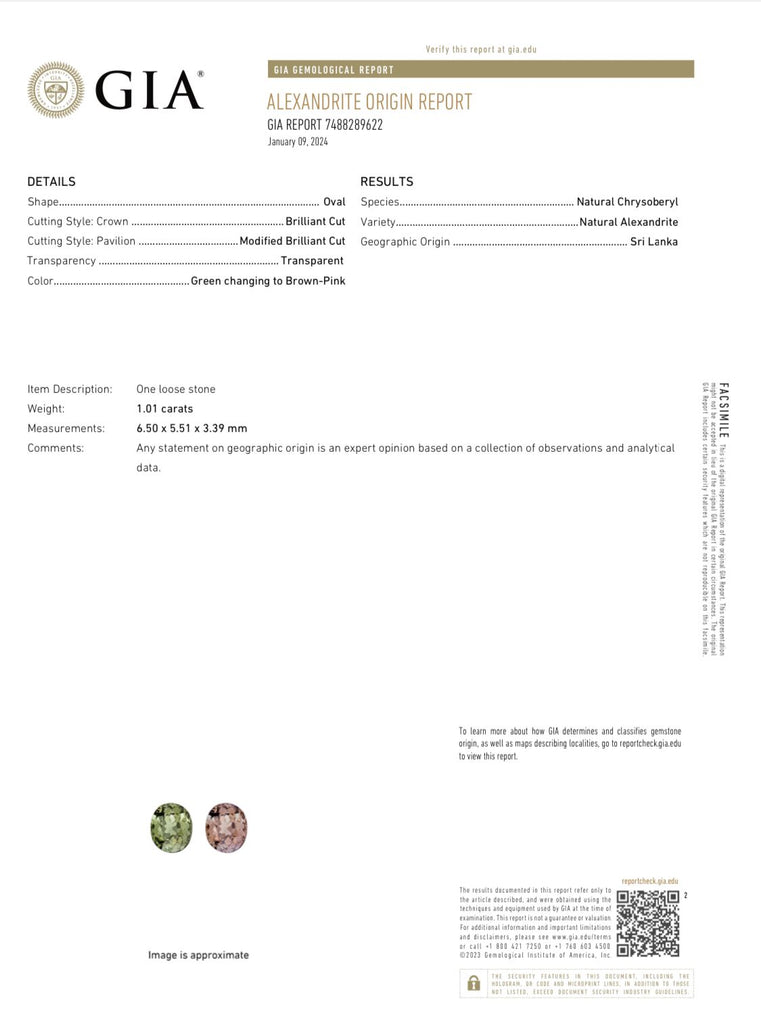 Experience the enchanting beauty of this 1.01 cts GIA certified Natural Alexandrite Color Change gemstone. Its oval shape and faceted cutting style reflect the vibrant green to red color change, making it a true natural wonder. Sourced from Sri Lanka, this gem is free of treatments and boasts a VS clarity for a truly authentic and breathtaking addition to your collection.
####################
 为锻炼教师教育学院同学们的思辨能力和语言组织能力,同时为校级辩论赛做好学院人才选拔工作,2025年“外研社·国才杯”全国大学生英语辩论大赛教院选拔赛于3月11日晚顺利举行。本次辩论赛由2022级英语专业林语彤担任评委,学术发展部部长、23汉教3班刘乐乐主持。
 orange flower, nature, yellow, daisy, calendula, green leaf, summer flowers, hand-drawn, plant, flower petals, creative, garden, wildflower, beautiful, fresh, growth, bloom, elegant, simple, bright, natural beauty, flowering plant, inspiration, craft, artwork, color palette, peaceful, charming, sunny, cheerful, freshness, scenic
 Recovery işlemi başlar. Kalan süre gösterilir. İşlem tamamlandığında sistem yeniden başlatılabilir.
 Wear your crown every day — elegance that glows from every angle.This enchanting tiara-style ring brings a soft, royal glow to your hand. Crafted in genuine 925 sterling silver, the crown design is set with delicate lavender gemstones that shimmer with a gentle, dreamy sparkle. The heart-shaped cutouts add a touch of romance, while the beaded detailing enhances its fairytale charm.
####################
Activity |
Would you copy out exactly the lines above that start at the one containing "orange flower, nature, yellow, daisy, calendula, green" and end at the one containing "Wear your crown", inclusive?

Answer section |
 orange flower, nature, yellow, daisy, calendula, green leaf, summer flowers, hand-drawn, plant, flower petals, creative, garden, wildflower, beautiful, fresh, growth, bloom, elegant, simple, bright, natural beauty, flowering plant, inspiration, craft, artwork, color palette, peaceful, charming, sunny, cheerful, freshness, scenic
 Recovery işlemi başlar. Kalan süre gösterilir. İşlem tamamlandığında sistem yeniden başlatılabilir.
 Wear your crown every day — elegance that glows from every angle.This enchanting tiara-style ring brings a soft, royal glow to your hand. Crafted in genuine 925 sterling silver, the crown design is set with delicate lavender gemstones that shimmer with a gentle, dreamy sparkle. The heart-shaped cutouts add a touch of romance, while the beaded detailing enhances its fairytale charm.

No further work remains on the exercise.